Problem:
Copy, word for word, the lines of the entries below between the one with "Add 20 ml of" and the one with "Простая и очень", inclusive, and leave out everything else.

Input records:
# # #
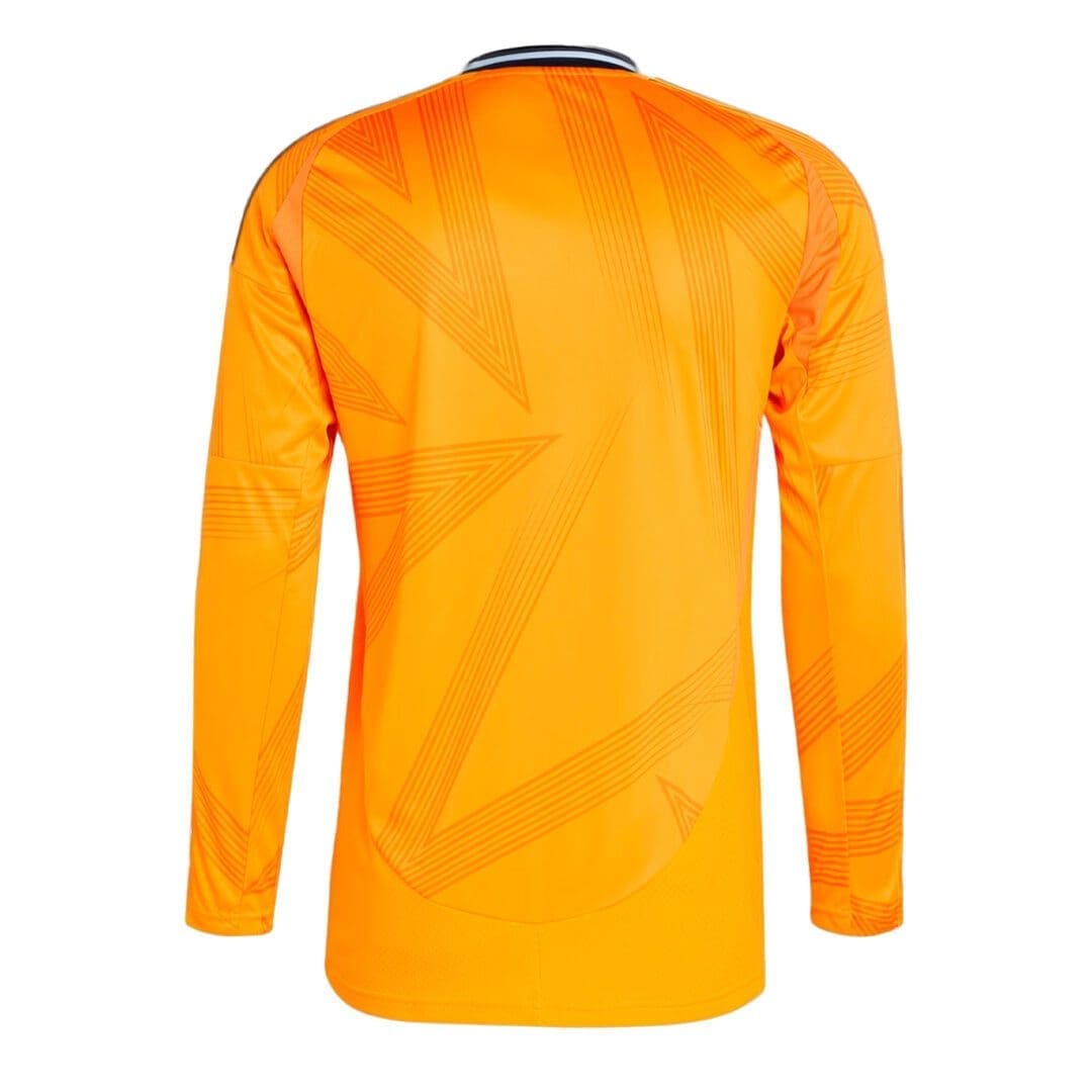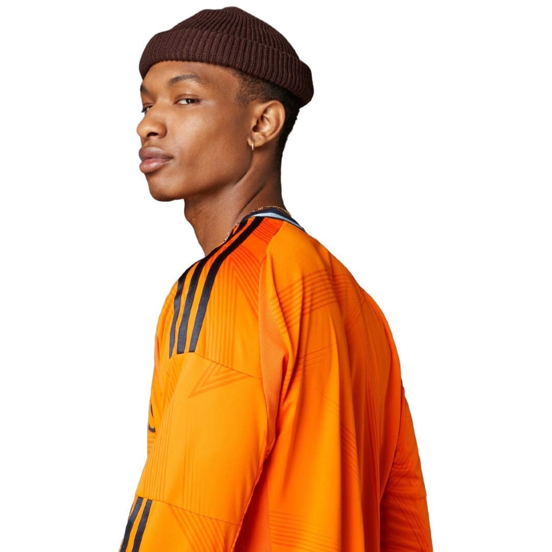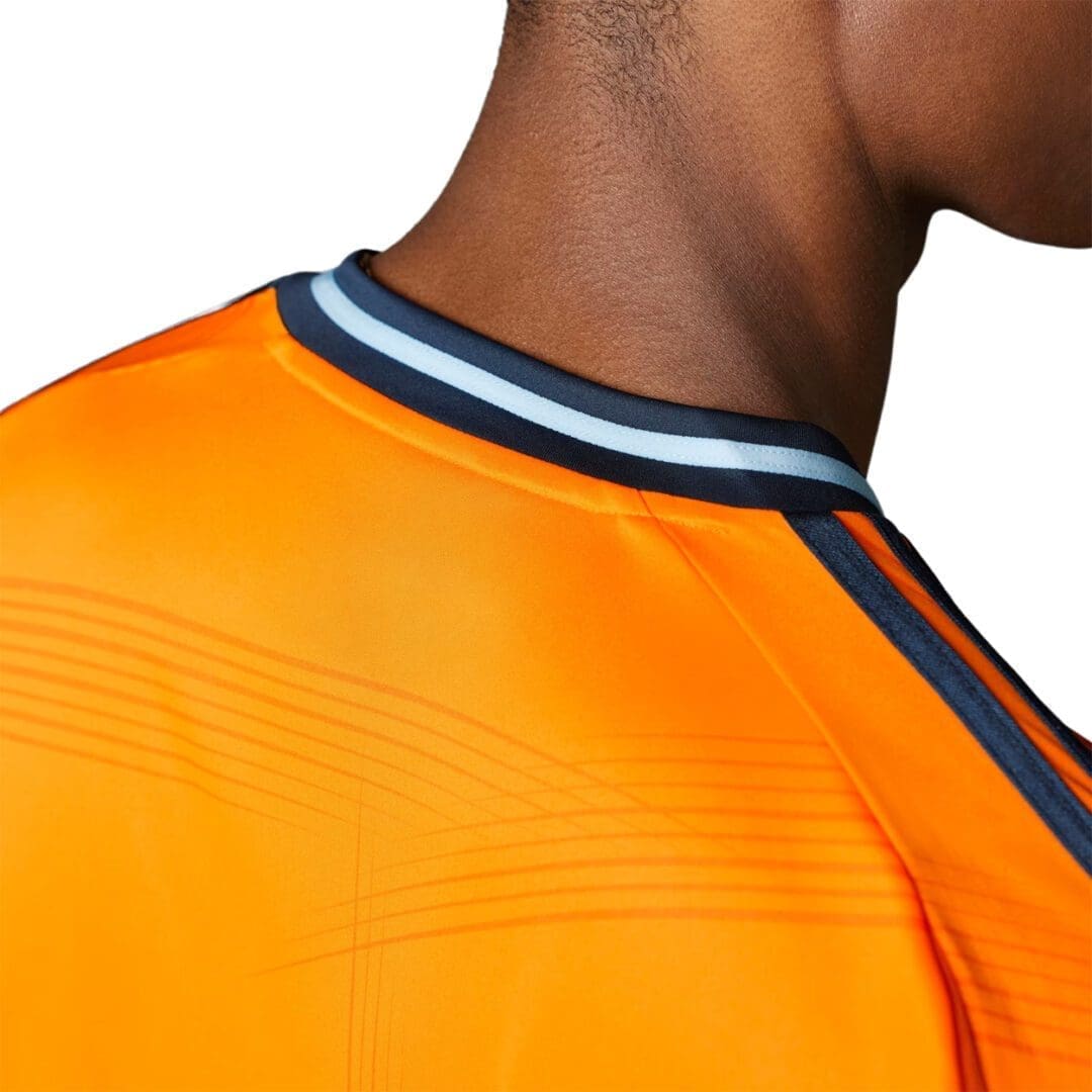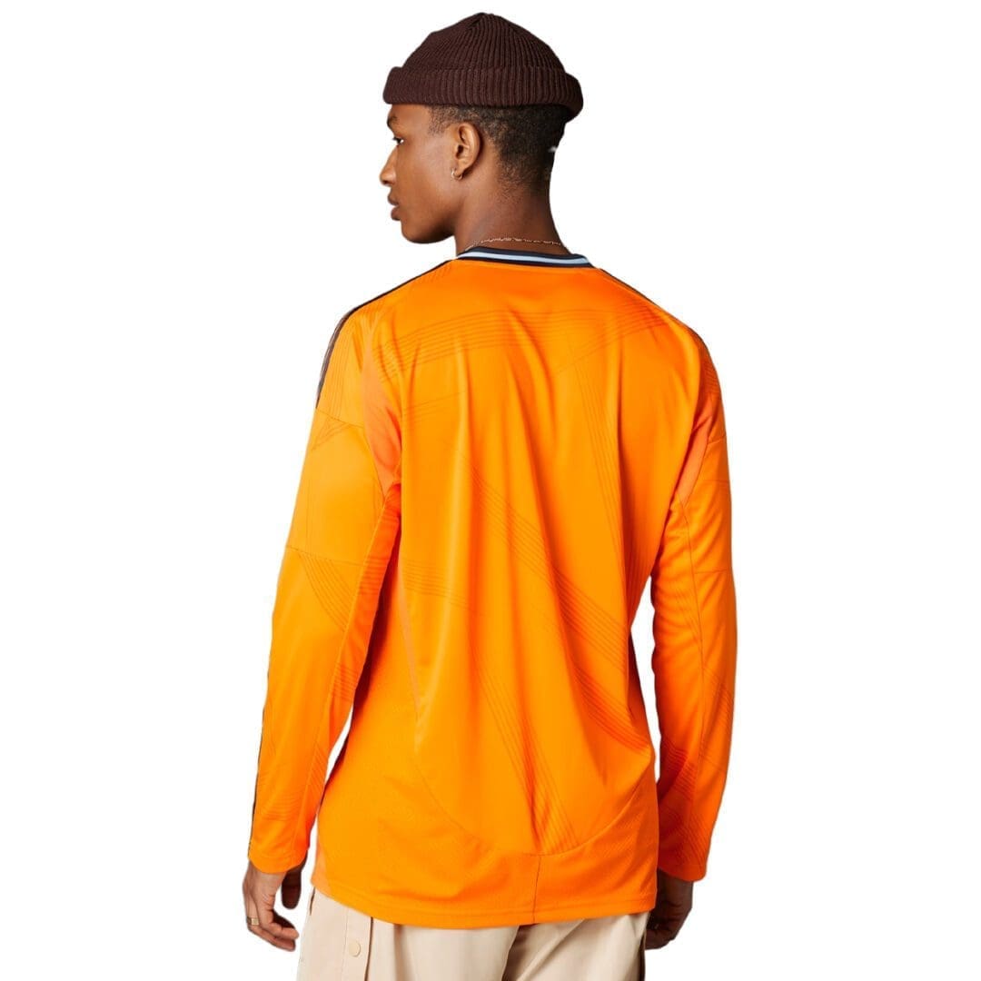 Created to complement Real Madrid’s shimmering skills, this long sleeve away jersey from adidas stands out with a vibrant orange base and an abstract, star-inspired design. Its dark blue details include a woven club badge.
# # #
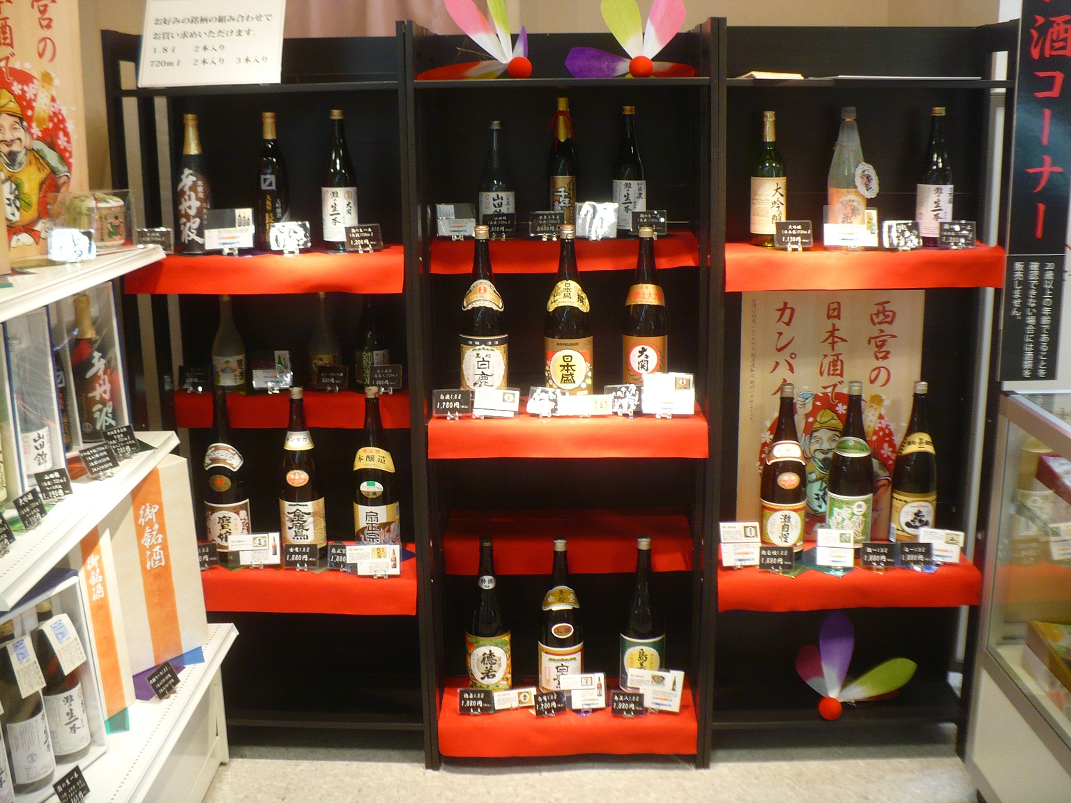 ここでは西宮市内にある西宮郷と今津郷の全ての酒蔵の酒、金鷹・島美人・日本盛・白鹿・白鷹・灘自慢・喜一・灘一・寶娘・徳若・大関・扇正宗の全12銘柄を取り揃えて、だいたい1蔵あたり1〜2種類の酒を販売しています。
# # #
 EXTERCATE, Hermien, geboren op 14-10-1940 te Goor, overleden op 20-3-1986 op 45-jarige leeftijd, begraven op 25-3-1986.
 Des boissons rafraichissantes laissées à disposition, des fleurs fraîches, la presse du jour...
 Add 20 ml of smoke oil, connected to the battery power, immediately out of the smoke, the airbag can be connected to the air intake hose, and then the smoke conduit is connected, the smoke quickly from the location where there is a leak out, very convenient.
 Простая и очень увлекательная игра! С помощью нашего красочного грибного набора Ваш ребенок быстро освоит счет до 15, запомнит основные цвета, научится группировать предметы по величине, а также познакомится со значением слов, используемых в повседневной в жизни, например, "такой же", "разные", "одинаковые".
# # #
Solved problem:
 Add 20 ml of smoke oil, connected to the battery power, immediately out of the smoke, the airbag can be connected to the air intake hose, and then the smoke conduit is connected, the smoke quickly from the location where there is a leak out, very convenient.
 Простая и очень увлекательная игра! С помощью нашего красочного грибного набора Ваш ребенок быстро освоит счет до 15, запомнит основные цвета, научится группировать предметы по величине, а также познакомится со значением слов, используемых в повседневной в жизни, например, "такой же", "разные", "одинаковые".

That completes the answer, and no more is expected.